THE TASK: Would you repeat exactly the part of the listing below that runs from the line containing "前肢の第1指は退化しているため、前肢は4本、後肢は5本です。" down to the line containing "动力方面,全新S级敞篷版的发", inclusive, and nothing else?

EXERCISE MATERIAL:
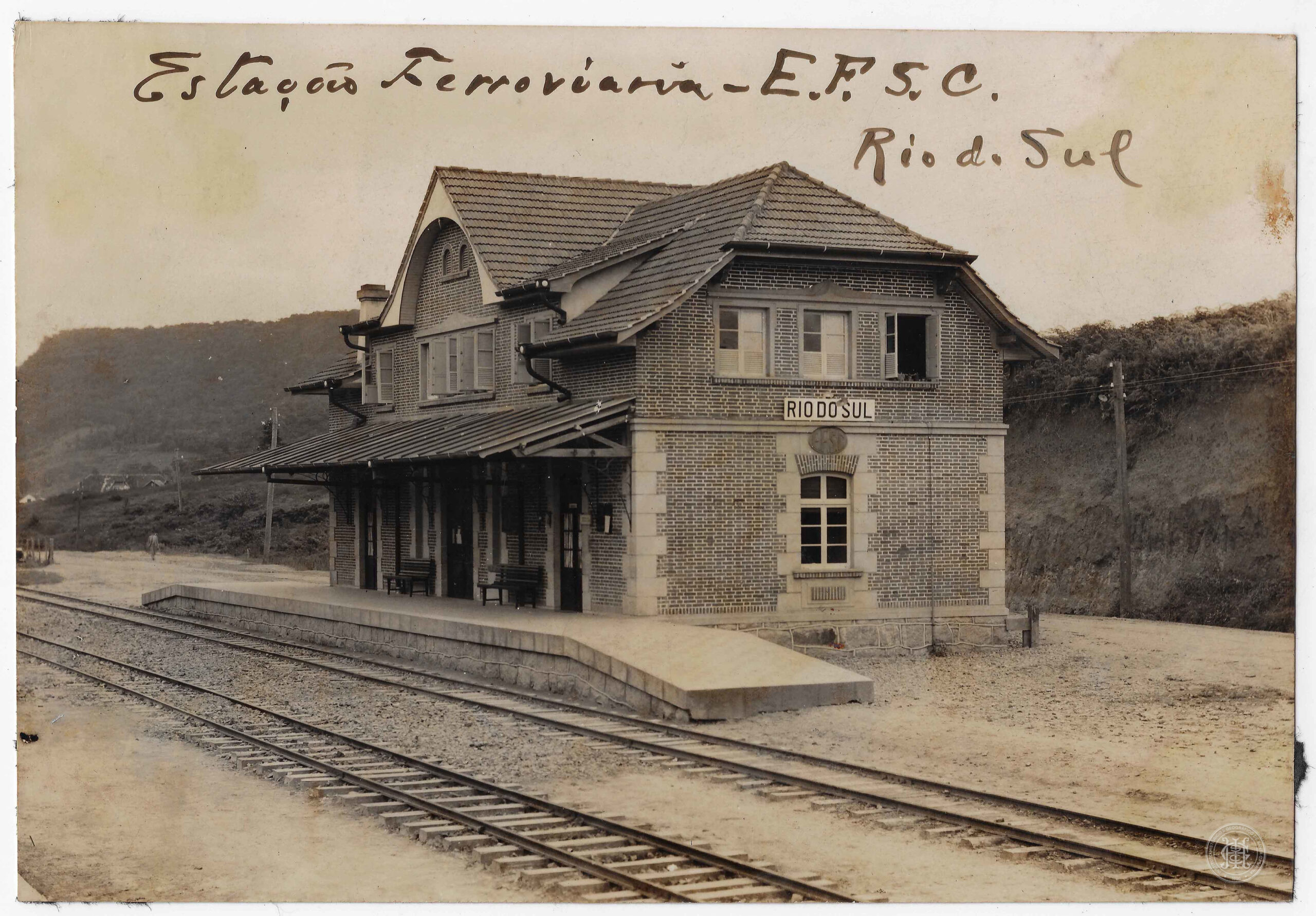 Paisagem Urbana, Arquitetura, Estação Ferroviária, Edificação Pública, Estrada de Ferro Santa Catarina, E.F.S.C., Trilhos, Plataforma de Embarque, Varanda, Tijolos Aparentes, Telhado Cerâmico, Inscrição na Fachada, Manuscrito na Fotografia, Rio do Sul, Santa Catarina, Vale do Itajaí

* * *

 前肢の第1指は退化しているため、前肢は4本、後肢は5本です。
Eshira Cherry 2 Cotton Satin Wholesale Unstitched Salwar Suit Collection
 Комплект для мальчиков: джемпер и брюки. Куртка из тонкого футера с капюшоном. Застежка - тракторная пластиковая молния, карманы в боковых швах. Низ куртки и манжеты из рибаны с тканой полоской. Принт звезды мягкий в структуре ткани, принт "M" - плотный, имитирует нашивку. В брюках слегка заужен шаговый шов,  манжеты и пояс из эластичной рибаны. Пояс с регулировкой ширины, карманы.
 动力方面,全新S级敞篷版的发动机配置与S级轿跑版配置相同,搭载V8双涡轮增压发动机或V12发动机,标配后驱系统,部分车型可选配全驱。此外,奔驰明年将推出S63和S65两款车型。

TASK ANSWER:
 前肢の第1指は退化しているため、前肢は4本、後肢は5本です。
Eshira Cherry 2 Cotton Satin Wholesale Unstitched Salwar Suit Collection
 Комплект для мальчиков: джемпер и брюки. Куртка из тонкого футера с капюшоном. Застежка - тракторная пластиковая молния, карманы в боковых швах. Низ куртки и манжеты из рибаны с тканой полоской. Принт звезды мягкий в структуре ткани, принт "M" - плотный, имитирует нашивку. В брюках слегка заужен шаговый шов,  манжеты и пояс из эластичной рибаны. Пояс с регулировкой ширины, карманы.
 动力方面,全新S级敞篷版的发动机配置与S级轿跑版配置相同,搭载V8双涡轮增压发动机或V12发动机,标配后驱系统,部分车型可选配全驱。此外,奔驰明年将推出S63和S65两款车型。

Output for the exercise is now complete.